*** DATA PROVIDED ***

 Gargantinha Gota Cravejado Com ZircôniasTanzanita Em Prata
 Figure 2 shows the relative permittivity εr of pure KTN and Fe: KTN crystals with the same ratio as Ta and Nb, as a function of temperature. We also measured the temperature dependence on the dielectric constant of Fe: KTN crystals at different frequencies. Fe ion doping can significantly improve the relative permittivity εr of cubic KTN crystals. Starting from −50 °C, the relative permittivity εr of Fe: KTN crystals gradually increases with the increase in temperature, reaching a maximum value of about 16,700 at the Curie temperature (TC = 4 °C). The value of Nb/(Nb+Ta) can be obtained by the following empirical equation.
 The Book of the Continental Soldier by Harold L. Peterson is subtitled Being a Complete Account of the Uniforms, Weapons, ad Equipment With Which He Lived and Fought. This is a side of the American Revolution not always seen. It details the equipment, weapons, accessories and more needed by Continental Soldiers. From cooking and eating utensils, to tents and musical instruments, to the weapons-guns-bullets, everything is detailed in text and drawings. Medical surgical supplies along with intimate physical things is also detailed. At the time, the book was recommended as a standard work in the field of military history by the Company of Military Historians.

*** End of DATA PROVIDED ***
*** DATA PROVIDED ***

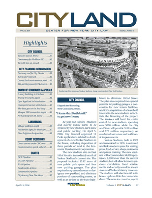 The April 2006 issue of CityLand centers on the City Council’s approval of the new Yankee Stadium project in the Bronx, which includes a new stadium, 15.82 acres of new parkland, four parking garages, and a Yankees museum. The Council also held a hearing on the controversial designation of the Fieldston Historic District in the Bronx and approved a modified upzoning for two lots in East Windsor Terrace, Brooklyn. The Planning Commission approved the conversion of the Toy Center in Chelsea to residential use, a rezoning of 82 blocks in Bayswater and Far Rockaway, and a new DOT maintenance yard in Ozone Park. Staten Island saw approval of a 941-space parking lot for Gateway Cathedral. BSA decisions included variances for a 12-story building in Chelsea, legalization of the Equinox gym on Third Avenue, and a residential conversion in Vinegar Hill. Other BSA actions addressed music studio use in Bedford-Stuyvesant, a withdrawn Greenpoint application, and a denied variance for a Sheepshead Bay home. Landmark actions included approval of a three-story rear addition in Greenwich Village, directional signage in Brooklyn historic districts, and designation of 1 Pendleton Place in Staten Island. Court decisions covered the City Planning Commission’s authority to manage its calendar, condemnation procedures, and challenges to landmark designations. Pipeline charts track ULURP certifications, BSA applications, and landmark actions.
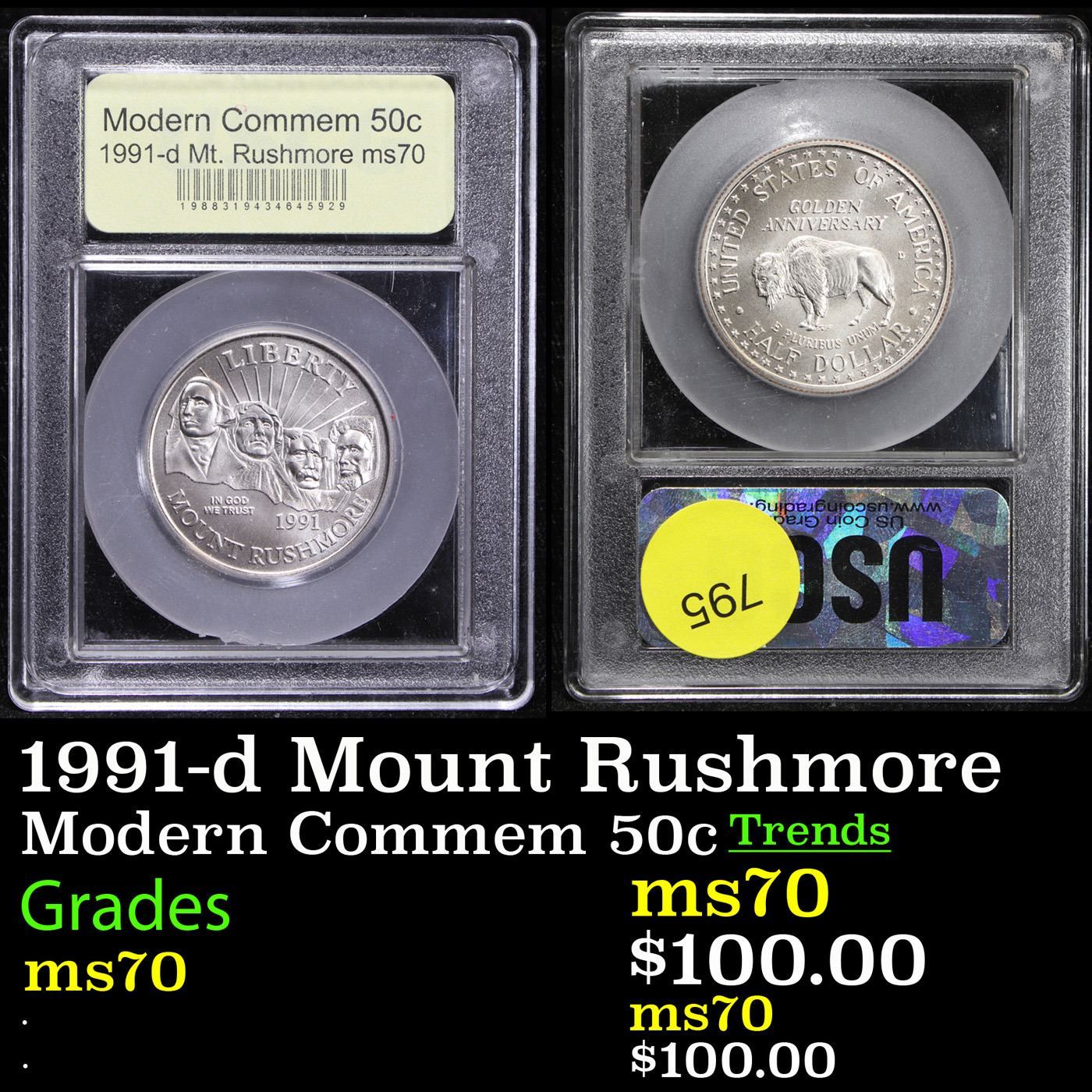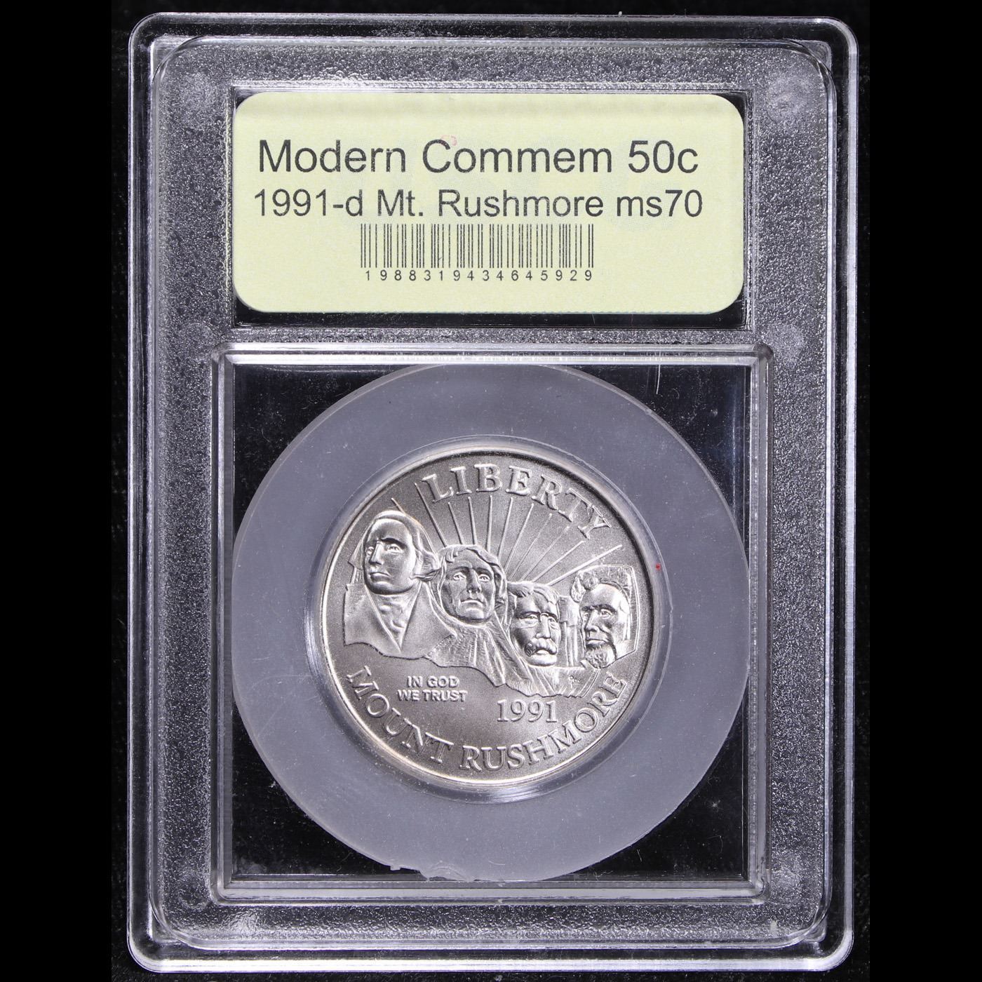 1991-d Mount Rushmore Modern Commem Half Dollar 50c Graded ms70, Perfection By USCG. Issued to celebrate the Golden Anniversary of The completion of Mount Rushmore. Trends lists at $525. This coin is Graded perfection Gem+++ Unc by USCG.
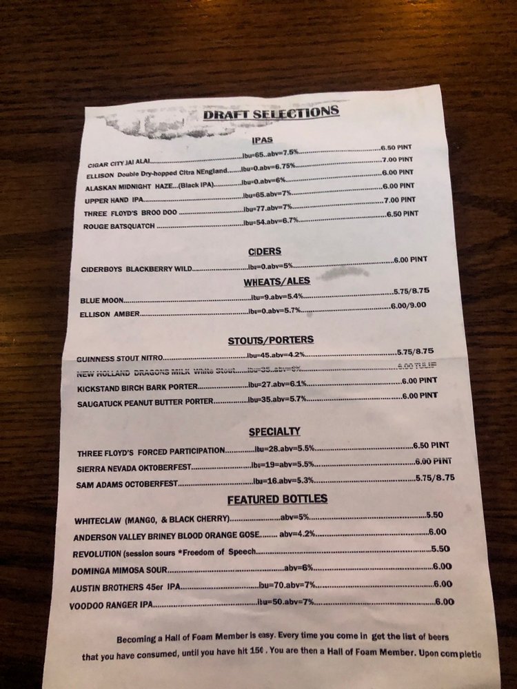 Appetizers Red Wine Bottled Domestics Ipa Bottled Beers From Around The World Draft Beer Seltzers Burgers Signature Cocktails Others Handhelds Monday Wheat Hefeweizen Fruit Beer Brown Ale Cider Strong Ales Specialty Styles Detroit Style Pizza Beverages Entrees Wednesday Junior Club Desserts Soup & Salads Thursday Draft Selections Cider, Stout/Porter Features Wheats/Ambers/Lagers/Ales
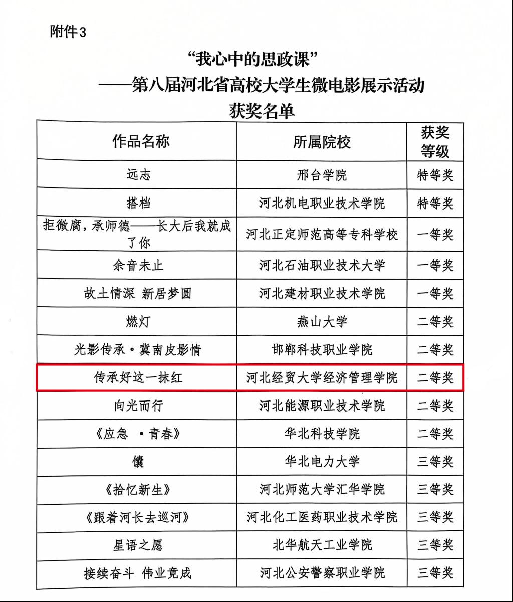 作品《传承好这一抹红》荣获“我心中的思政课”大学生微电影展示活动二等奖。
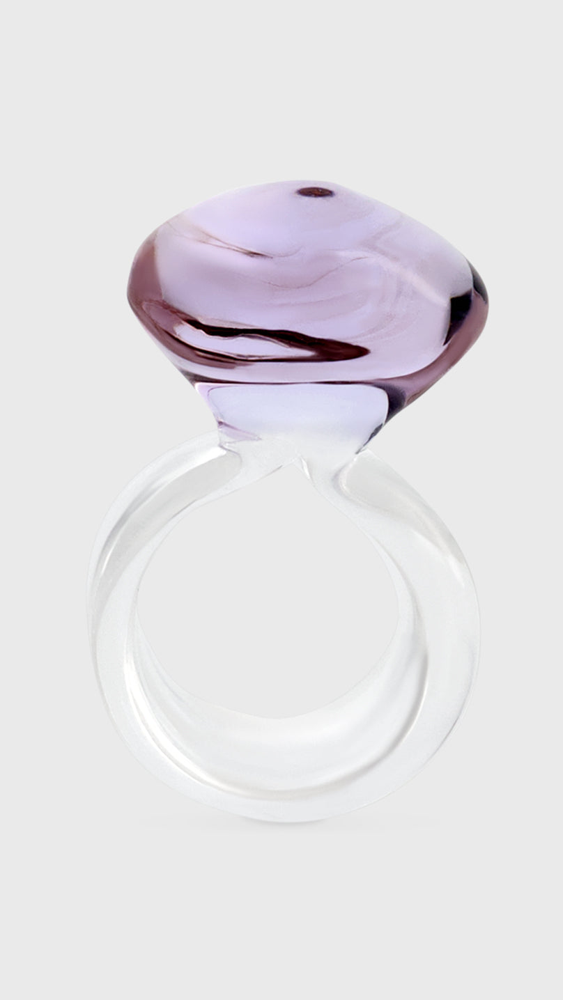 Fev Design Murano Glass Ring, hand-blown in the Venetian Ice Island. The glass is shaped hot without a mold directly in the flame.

*** End of DATA PROVIDED ***
*** DATA PROVIDED ***

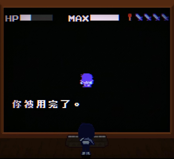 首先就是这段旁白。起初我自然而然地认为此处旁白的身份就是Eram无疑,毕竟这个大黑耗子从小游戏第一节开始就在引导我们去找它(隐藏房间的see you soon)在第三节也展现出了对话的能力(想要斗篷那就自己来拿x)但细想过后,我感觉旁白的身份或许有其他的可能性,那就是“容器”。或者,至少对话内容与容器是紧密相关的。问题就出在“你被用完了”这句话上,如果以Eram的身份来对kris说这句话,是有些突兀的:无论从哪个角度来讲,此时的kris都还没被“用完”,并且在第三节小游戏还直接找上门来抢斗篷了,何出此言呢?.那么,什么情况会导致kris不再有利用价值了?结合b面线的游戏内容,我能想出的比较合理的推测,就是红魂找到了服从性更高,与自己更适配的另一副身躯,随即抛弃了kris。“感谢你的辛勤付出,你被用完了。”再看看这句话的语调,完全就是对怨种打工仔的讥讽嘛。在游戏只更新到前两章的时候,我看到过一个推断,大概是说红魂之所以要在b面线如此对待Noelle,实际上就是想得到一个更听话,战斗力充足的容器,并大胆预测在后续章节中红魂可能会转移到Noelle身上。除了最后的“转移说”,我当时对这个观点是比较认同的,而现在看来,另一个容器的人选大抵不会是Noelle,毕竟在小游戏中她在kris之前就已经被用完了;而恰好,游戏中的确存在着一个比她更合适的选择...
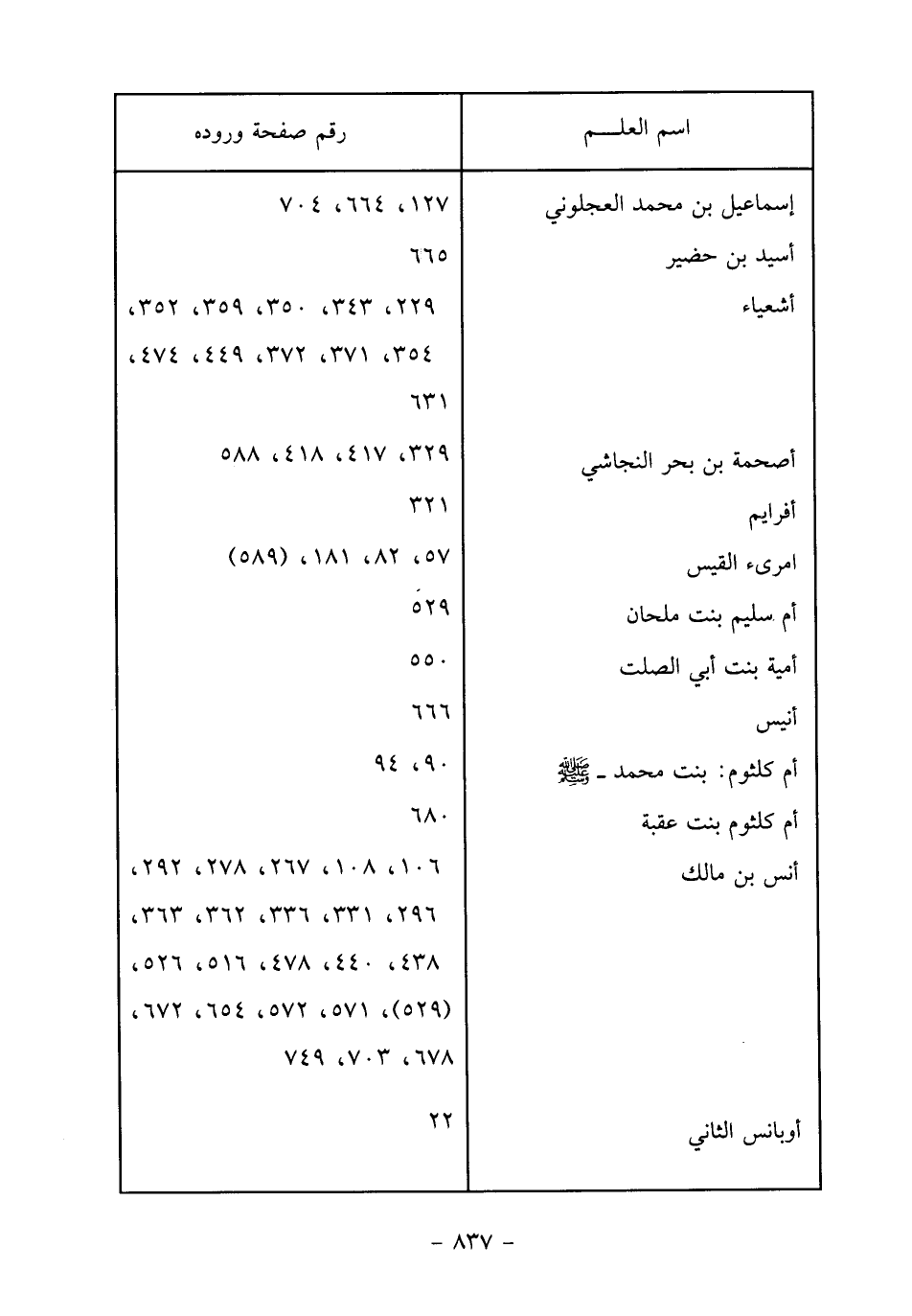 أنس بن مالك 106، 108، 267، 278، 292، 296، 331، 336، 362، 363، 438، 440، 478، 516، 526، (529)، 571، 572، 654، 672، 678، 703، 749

*** End of DATA PROVIDED ***

(WHAT IS BEING ASKED):
In the entries above, find the line containing "Appetizers Red Wine" and the line containing "Fev Design Murano"; give again exactly those two lines and every line between them, minus the pictures.

(RESPONSE TO THE EXERCISE):
 Appetizers Red Wine Bottled Domestics Ipa Bottled Beers From Around The World Draft Beer Seltzers Burgers Signature Cocktails Others Handhelds Monday Wheat Hefeweizen Fruit Beer Brown Ale Cider Strong Ales Specialty Styles Detroit Style Pizza Beverages Entrees Wednesday Junior Club Desserts Soup & Salads Thursday Draft Selections Cider, Stout/Porter Features Wheats/Ambers/Lagers/Ales
 作品《传承好这一抹红》荣获“我心中的思政课”大学生微电影展示活动二等奖。
 Fev Design Murano Glass Ring, hand-blown in the Venetian Ice Island. The glass is shaped hot without a mold directly in the flame.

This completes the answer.